↓↓↓
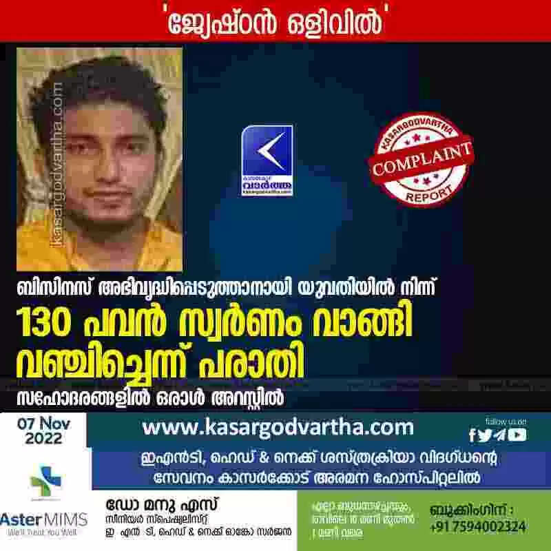 Arrested | ബിസിനസ് അഭിവൃദ്ധിപ്പെടുത്താനായി യുവതിയിൽ നിന്ന് 130 പവൻ സ്വർണം വാങ്ങി വഞ്ചിച്ചെന്ന് പരാതി; സഹോദരങ്ങളിൽ ഒരാൾ അറസ്റ്റിൽ; 'ജ്യേഷ്ഠൻ ഒളവിൽ'
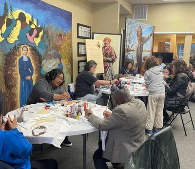 A group of adults and young children had a unique experience during this Paint and Sip Event with our very own Sydnei Smith Jordan. They had the opportunity to work directly with her in this workshop and share the JOY in painting 'Two Pound Weight' Tubman! Everyone had fun and did a fantastic job!
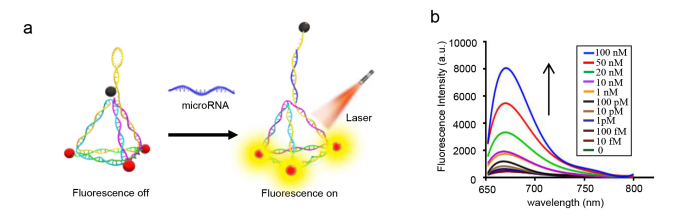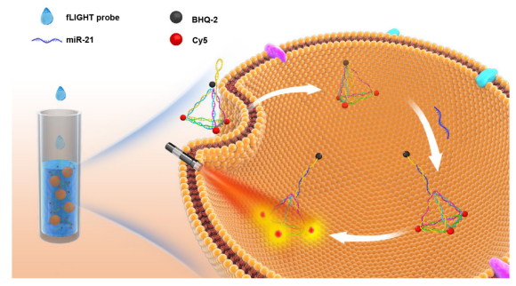 研究者们设计的fLuorescent Intracellular-Guided Hairpin-Tetrahedron (fLIGHT)四面体纳米探针,尺寸为5.4~8.0 nm,结合发卡探针实现靶标miRNA的互补,分子信标的茎环结构和各荧光基团间的发光效应,直接实现sEVs内miRNA分子表达丰度的检测,其检测限为45.4 fM,见图2。
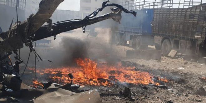 أصيب عدد من المدنيين بجروح نتيجة انفجار عبوة ناسفة بسيارة شاحنة في مدينة إعزاز بريف حلب الشمالي والتي تنتشر فيها مجموعات إرهابية مدعومة من قوات الاحتلال التركي.
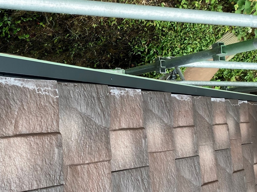 ケラバ段違い部です。こちらは役物取付前に板金水切りを取付ます。奥には捨て谷が入っていますので、奥まで水が浸入しても軒先に排水されます。正しい施工が要求される部分です。
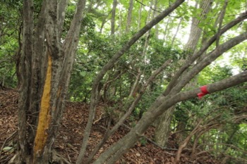 しかし下る方角にも黄色や赤のテープが巻いてありました。
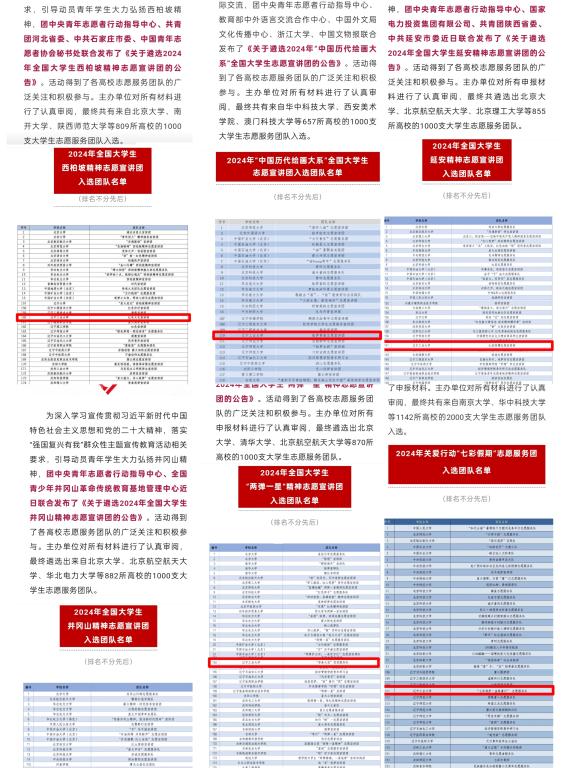 聚焦志愿服务,在服务社会上持续用力。把志愿服务作为加强青年政治引领的有效抓手,2024年,组织各类志愿活动170余项,在东太平社区等8个社区建立“yabo鸭脖官网雷锋志愿服务站”,开展“关爱老人·情暖社区”等志愿服务活动50余次累计10万余小时,参与学生8000余人次,学校被雷锋杂志社评为“首批雷锋精神高校示范教育基地”,“活力雷锋”服务团入选2024年雷锋精神志愿服务团,2个团队入选团中央2024年“推普助力乡村振兴”全国大学生暑期社会实践志愿服务团队。将志愿服务融入地方经济社会发展大局,与市(县、区)团委建立校地社会实践基地12个,开展优秀大学生兼职志愿服务基层团组织项目,深度推进“返家乡”“扬帆计划”项目,落实岗位和参加人数位列全省高校前列;积极组织支教社会实践活动,共12支团队前往贵州毕节等3地开展支教工作,yabo鸭脖官网支教团荣获2024年大学生社会实践“千校千项”网络展示活动优秀项目。(校团委 文)
↑↑↑
▶ [What needs to be done]
Keep the pictures out and print all the records exactly as they are.

▶ [Task result]
 Arrested | ബിസിനസ് അഭിവൃദ്ധിപ്പെടുത്താനായി യുവതിയിൽ നിന്ന് 130 പവൻ സ്വർണം വാങ്ങി വഞ്ചിച്ചെന്ന് പരാതി; സഹോദരങ്ങളിൽ ഒരാൾ അറസ്റ്റിൽ; 'ജ്യേഷ്ഠൻ ഒളവിൽ'
 A group of adults and young children had a unique experience during this Paint and Sip Event with our very own Sydnei Smith Jordan. They had the opportunity to work directly with her in this workshop and share the JOY in painting 'Two Pound Weight' Tubman! Everyone had fun and did a fantastic job!
 研究者们设计的fLuorescent Intracellular-Guided Hairpin-Tetrahedron (fLIGHT)四面体纳米探针,尺寸为5.4~8.0 nm,结合发卡探针实现靶标miRNA的互补,分子信标的茎环结构和各荧光基团间的发光效应,直接实现sEVs内miRNA分子表达丰度的检测,其检测限为45.4 fM,见图2。
 أصيب عدد من المدنيين بجروح نتيجة انفجار عبوة ناسفة بسيارة شاحنة في مدينة إعزاز بريف حلب الشمالي والتي تنتشر فيها مجموعات إرهابية مدعومة من قوات الاحتلال التركي.
 ケラバ段違い部です。こちらは役物取付前に板金水切りを取付ます。奥には捨て谷が入っていますので、奥まで水が浸入しても軒先に排水されます。正しい施工が要求される部分です。
 しかし下る方角にも黄色や赤のテープが巻いてありました。
 聚焦志愿服务,在服务社会上持续用力。把志愿服务作为加强青年政治引领的有效抓手,2024年,组织各类志愿活动170余项,在东太平社区等8个社区建立“yabo鸭脖官网雷锋志愿服务站”,开展“关爱老人·情暖社区”等志愿服务活动50余次累计10万余小时,参与学生8000余人次,学校被雷锋杂志社评为“首批雷锋精神高校示范教育基地”,“活力雷锋”服务团入选2024年雷锋精神志愿服务团,2个团队入选团中央2024年“推普助力乡村振兴”全国大学生暑期社会实践志愿服务团队。将志愿服务融入地方经济社会发展大局,与市(县、区)团委建立校地社会实践基地12个,开展优秀大学生兼职志愿服务基层团组织项目,深度推进“返家乡”“扬帆计划”项目,落实岗位和参加人数位列全省高校前列;积极组织支教社会实践活动,共12支团队前往贵州毕节等3地开展支教工作,yabo鸭脖官网支教团荣获2024年大学生社会实践“千校千项”网络展示活动优秀项目。(校团委 文)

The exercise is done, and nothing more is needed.